Task
Using only the entries below, copy exactly the lines that begin at the one with "- 9~QN9220 中国磁器" and end at the one with "值得一提的是,今年2月1日時(shí),勇士?jī)H排名西部第11。", both included. Drop the pictures.

Given records
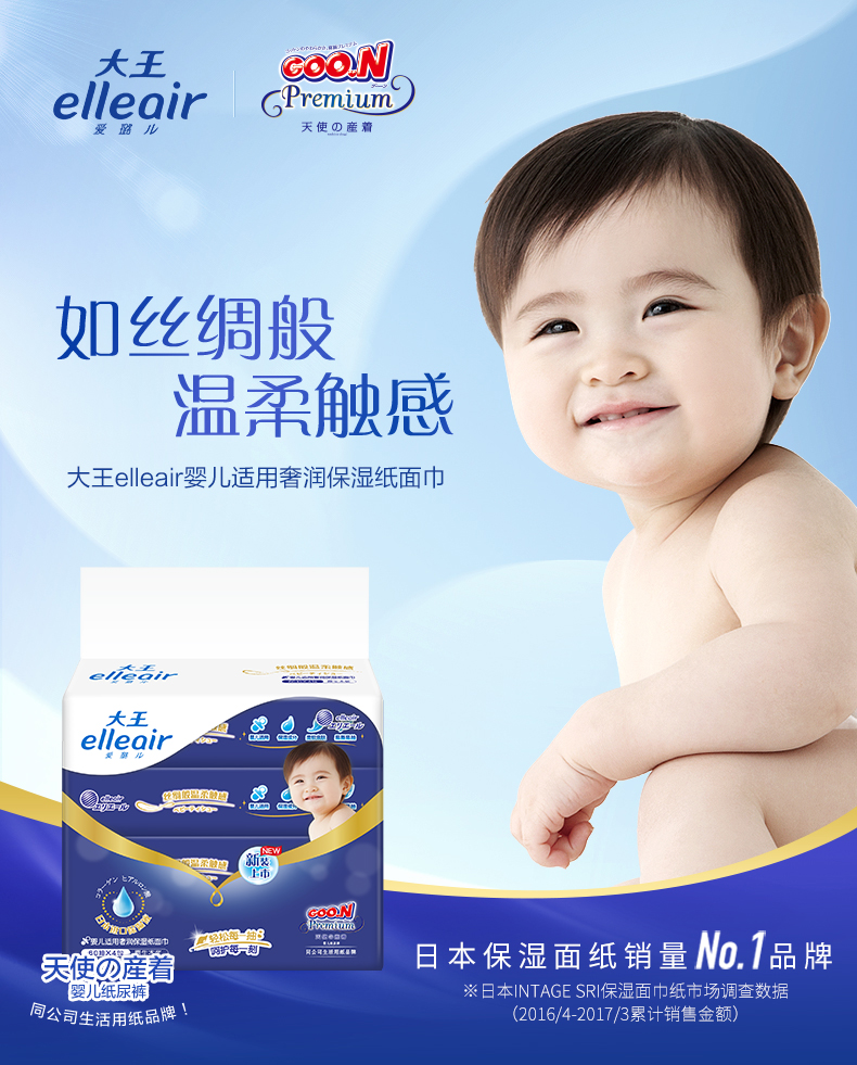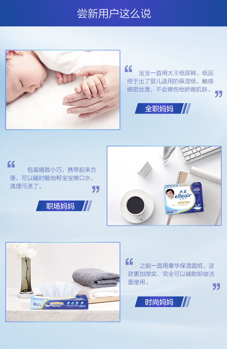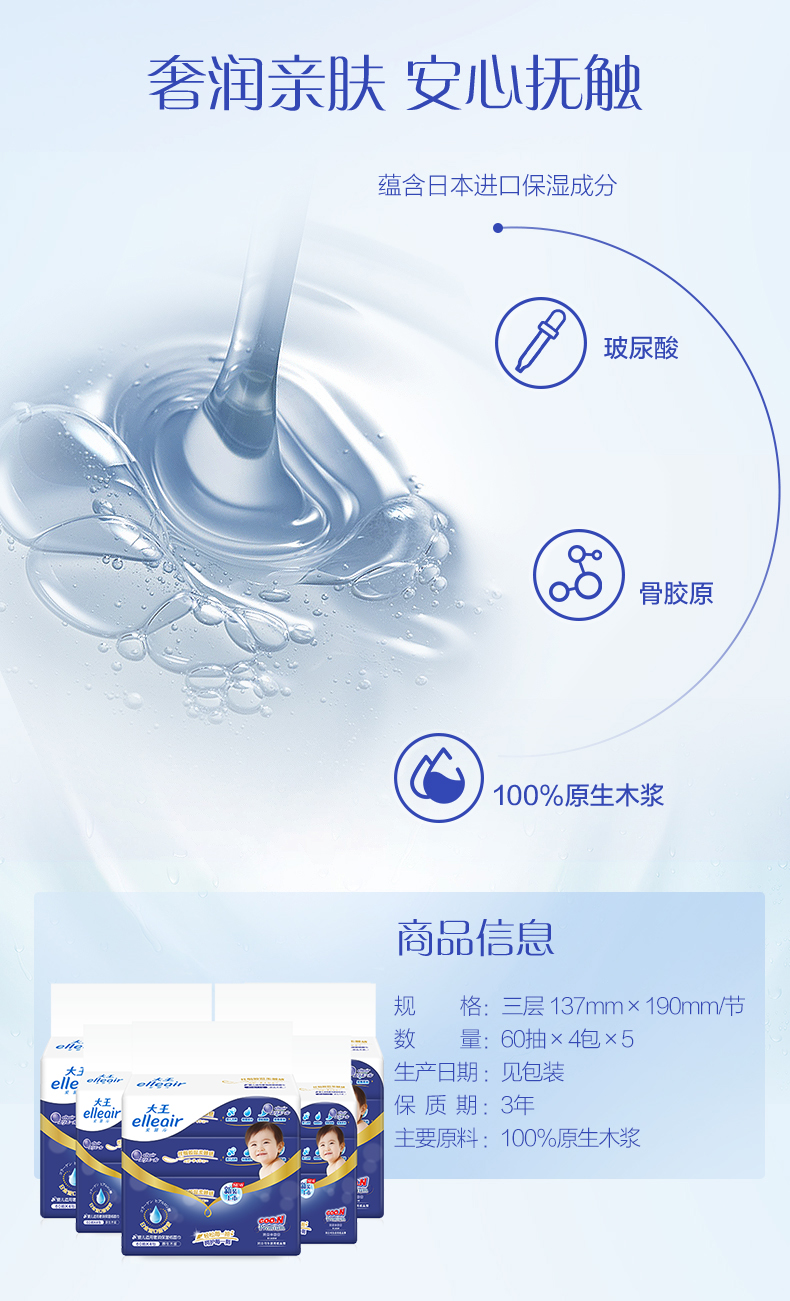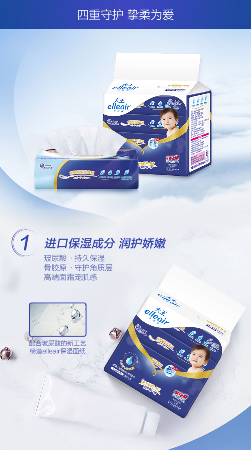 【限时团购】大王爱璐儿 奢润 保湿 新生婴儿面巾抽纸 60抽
---
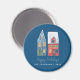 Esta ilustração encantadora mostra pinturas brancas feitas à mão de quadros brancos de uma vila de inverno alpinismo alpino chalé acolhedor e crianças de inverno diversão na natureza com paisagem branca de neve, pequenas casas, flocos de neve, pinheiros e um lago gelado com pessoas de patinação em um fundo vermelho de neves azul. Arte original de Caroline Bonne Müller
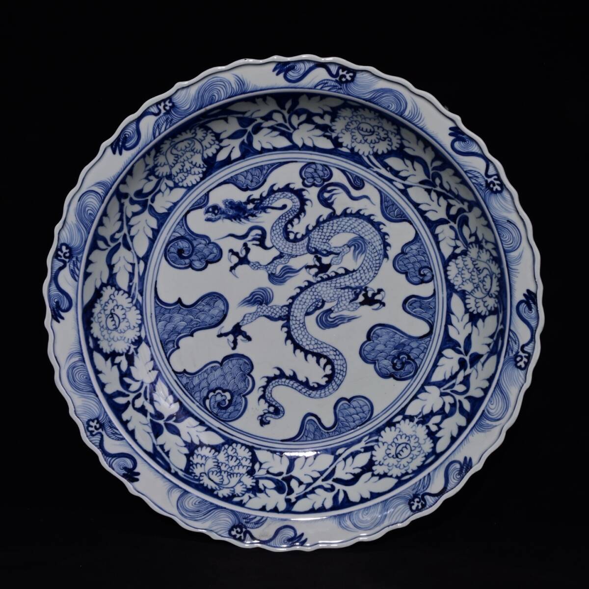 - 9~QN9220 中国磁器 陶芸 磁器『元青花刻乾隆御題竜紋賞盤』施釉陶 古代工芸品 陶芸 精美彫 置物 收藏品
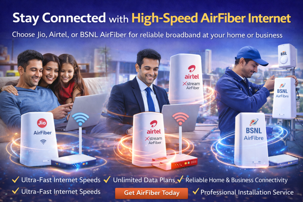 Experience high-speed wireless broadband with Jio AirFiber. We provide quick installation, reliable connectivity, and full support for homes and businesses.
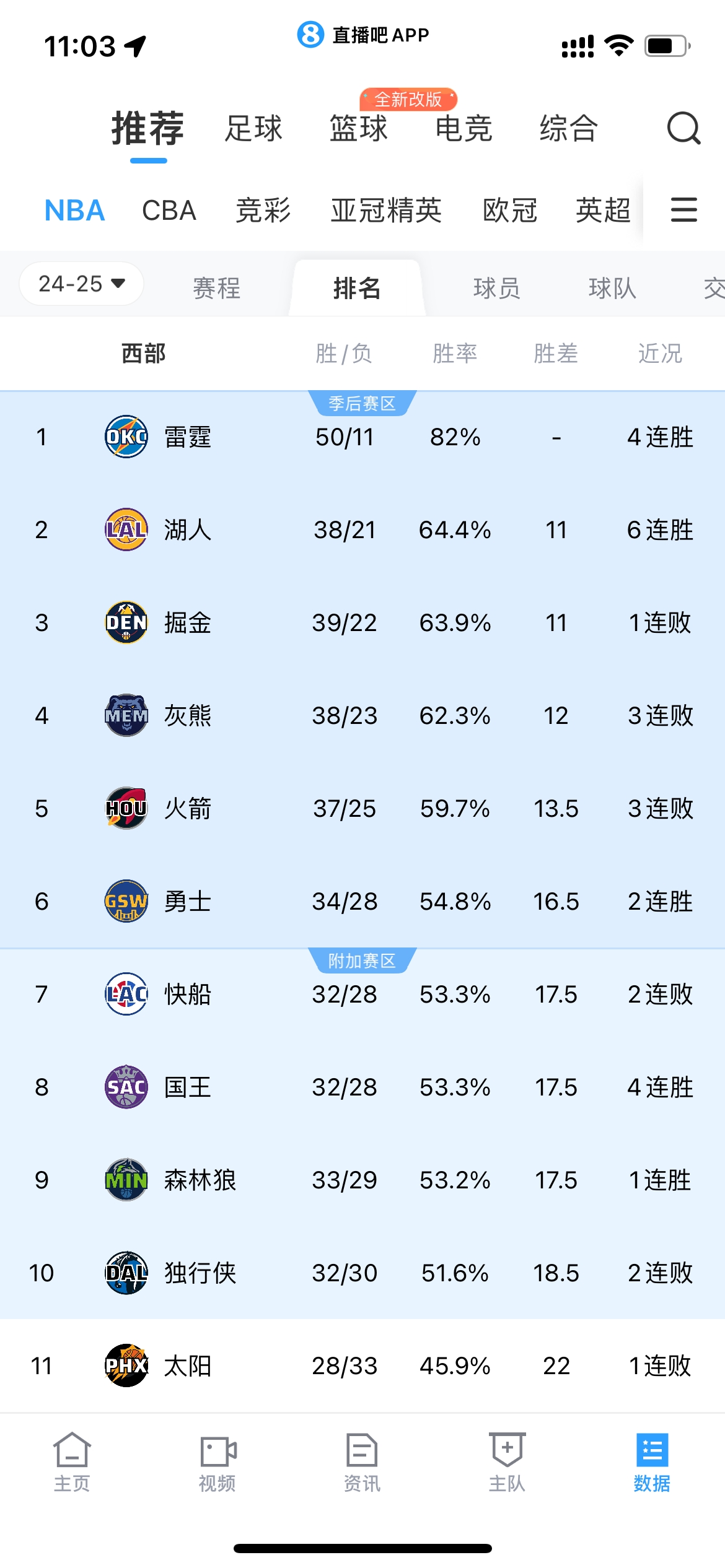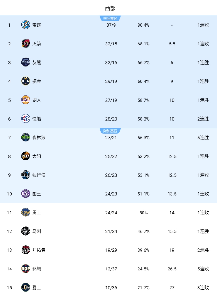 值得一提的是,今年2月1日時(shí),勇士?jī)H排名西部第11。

Reply to the task
 - 9~QN9220 中国磁器 陶芸 磁器『元青花刻乾隆御題竜紋賞盤』施釉陶 古代工芸品 陶芸 精美彫 置物 收藏品
 Experience high-speed wireless broadband with Jio AirFiber. We provide quick installation, reliable connectivity, and full support for homes and businesses.
 值得一提的是,今年2月1日時(shí),勇士?jī)H排名西部第11。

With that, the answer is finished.